Recipe: Picard Truffles (Bitter Chocolate, Earl Grey Ganache and Lemon Cream)

Today’s entry is unofficially titled, “The Trouble with Truffles.” Groan all you want; I welcome your hatred.

It felt appropriate to do some chocolates for Valentine’s day, and it wasn’t long before I was dead set on them being Picard-themed. Guys, I really love Jean-Luc Picard. For me to explain HOW MUCH I love him, I think you need a photo.

Yep. That’s a life sized Picard cardboard cutout. He hangs out in the office mostly, but it felt appropriate to bring him into the kitchen with me to be my assistant for the day. All he needs is the proper attire.

Better.

In order to create a truly spectacular Picard truffle to present to my husband for Valentine’s day, I relied on the help of some lovely Earl Grey tea. As you may know, Earl Grey is already intensely citrus-y thanks to the bergamot orange involved. I figured a lemon curd would complement that quite nicely. The outside shell of the truffles is a dark chocolate, in large part because I found too much sweetness really drowned out the Earl Grey flavor.

Let’s get to it!

Lemon Earl Grey Truffles

Yields 12 large truffles, but it will depend very much on the size and shape of mold you choose.

Earl Grey Ganache
1/2 cup + 2 tbsp (150ml) heavy cream
8 oz (220g) dark chocolate, chopped or in chips
1 tbsp loose leaf Earl Grey tea

1. In a small saucepan, heat the heavy cream to a simmer. Reduce the heat and stir in the Earl Grey tea. Steep for 5-6 minutes, then immediately run the cream through a fine strainer to remove all the tea leaves. Pour the hot cream over your chocolate, allow it to sit for 5 minutes, and then stir until it forms a smooth cream. Allow to cool completely in the fridge. (You will have extra ganache at the end of this. You can use it to pipe on cupcakes, roll it into balls and dredge it in cocoa powder, eat it with a spoon at 2AM when no one can see you… there are lots of options.)

Lemon Curd
1/3 cup + 4 tsp (100ml) lemon juice
1 tsp lemon zest
2 egg yolks
4 tbsp (35g) sugar
1 tsp cornstarch
1 tbsp butter

1. Whisk together all your ingredients except the butter. Put them in a saucepan and heat on low heat, stirring constantly. Once the mixture thickens and begins to bubble, cook for an additional minute. Add the butter and stir it until well incorporated. Remove from the heat, transfer to a bowl and cover immediately in saran wrap. Be sure to touch the saran wrap to the surface of the curd. Chill in refrigerator until completely cool.

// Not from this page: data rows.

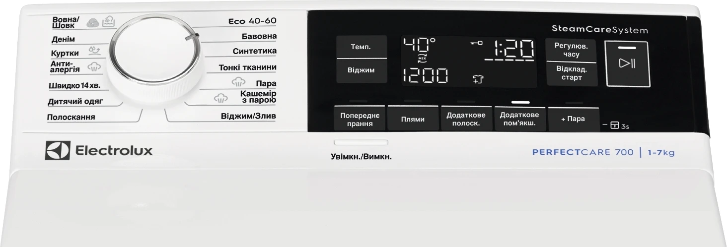 Пральна машина Electrolux вертикальна, 7кг, 1300, A, 60см, дисплей, пара, інвертор, білий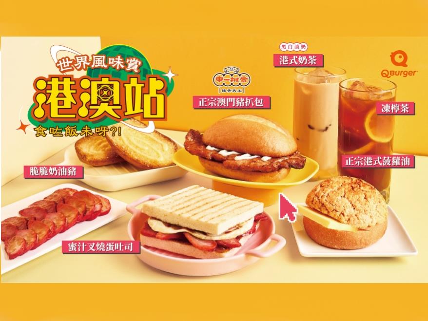 經典佳餚口味最對味,Q Burger世界風味賞從2019年開始,展開第三次「港澳站」巡迴,熱銷破百萬份的港澳早餐由主廚嚴選優質食材,搭配精心研發道地私房醬汁,從細節打造港澳兩地正宗的經典風味小食,征服喜愛港澳風情的饕客味蕾。2024年8月28日起,萬眾期待的全新港澳站於全台正式上市,從完美甜鹹比例的蜜汁叉燒蛋吐司、脆脆奶油豬到濃郁解渴的港式奶茶、凍檸茶,各式精選1+1超值組合,邀請Q粉早晨走進Q Burger享受好味港澳風早午餐,用滿滿活力為開學季應援!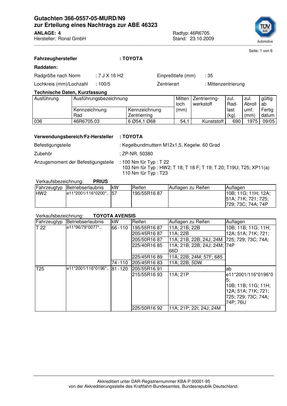 Dieses Gutachten (abe) bezieht sich auf die Alufelge Ronal 46R6705 in der Ausführung 7Jx16 ET 0, Mittenloch 0 mm (KBA 46323). Im PDF findest du typischerweise zulässige Reifengrößen, Auflagen/Anbauhinweise und – je nach Dokument – Hinweise zur Eintragung.

To make the truffles, you’ll need 8-10 oz. (225-285g) of high-quality tempered dark chocolate (candy melts can work if you don’t want to temper, but keep in mind they will be very sweet). Choose a chocolate on the bitter end; mine was 80%. I chose two kinds of molds… a classic heart shape and a Star Trek mold I was lucky enough to get as a gift from a friend. While the shape was cute, silicone molds don’t tend to produce a shiny finish on chocolates, so I had to paint them later.

Have your tempered chocolate ready. I keep a bowl of very warm (but not anywhere near boiling) water nearby that I set my bowl of chocolate into periodically to make sure it stayed fluid and in temper. If you don’t keep the chocolate warm, it will basically be entirely firmed up by the time your bottom layer of chocolate should be applied. If you let it get hot, however, it will go out of temper.

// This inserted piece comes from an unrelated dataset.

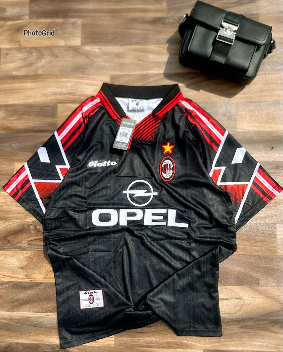 Maillot vintage AC Milan noir pour les fans de football. Conçu pour les supporters exigeants, ce maillot arbore les couleurs emblématiques du club avec des détails graphiques distinctifs sur les manches. Parfait pour les matchs, les événements sportifs ou comme pièce de collection.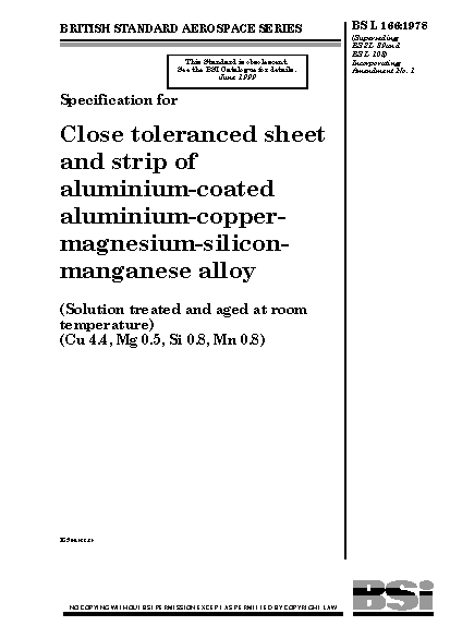 Specification for close toleranced sheet and strip of aluminium-coated aluminium-copper-magnesium-silicon-manganese alloy (solution treated and aged at room temperature) (Cu 4.4, Mg 0.5, Si 0.8, Mn 0.8)

Fill your tempered chocolate into your molds, tapping them lightly to be sure the chocolate gets into every nook and cranny. Turn the molds upside down and allow the excess chocolate to drip away. Scrape the extra chocolate from the top of your mold with a knife, and then allow the shell to set.

Warm your ganache for 10-20 seconds in the microwave to make it soft enough to pipe. Fill the ganache into a piping bag and snip off the tip. Fill the lemon curd into a bag as well, and snip off the tip to be quite small.

First, pipe a thin layer of lemon curd on the bottom of each of your shells. You want them to be no more than 1/3 filled with the lemon curd. On top of that, pipe your earl grey ganache to just below the top, as shown above. Smooth it out of you need to, just make sure there’s enough space for a nice layer of chocolate to seal everything in.

Spread your remaining tempered chocolate over the tops of your mold, and scrape away the excess to make a clean bottom. Allow the bottom of the shell to set completely, and then unmold your chocolates by turning your mold upside down and either tapping it gently (in case of a hard plastic mold) or gently pushing the bottoms (in case of a flexible silicone mold).

If you like, you can mix some powdered food coloring (I chose gold!) with vodka or everclear and use it to paint your truffles. I also used a paint brush to splatter some gold food coloring on the hearts.

What say you, Picard?

Well, he was pretty silent. Whatever, I thought they were delicious.

Thanks for reading! As a thank you, please enjoy this photo of Eggs Benedict trying to figure out what Sir Stewart is doing in his kitchen.

I hope you all have a fabulous Valentine’s Day! (PS: Eating Chinese food and watching Netflix totally counts as a fabulous Valentine’s Day. I know because it’s how I usually spend mine.)

6 comments

  1. Betsy says:

    do you treat your plastic molds with anything, like cocoa butter? I’ve never used the flexible kind like you show here. In pastry school we had these super nice magnetic hard molds but they are way too pricy. we treated those with cocoa butter before using and I wondered if it’s necessary with the thinner flexible plastic molds. I’ve been out of school a while and don’t actually work as a chef so I basically lost all my chocolate knowledge. BUT I want to make these so badly!

    • Katharina
      Katharina says:

      Hi Betsy!

      When using the thinner plastic molds, I have never found treating them with cocoa butter necessary. That said, I still handle them with a great deal of care… they are frankly a bit flimsy and scratch easily. If you avoid any kind of rough washing, though, they last quite a long time!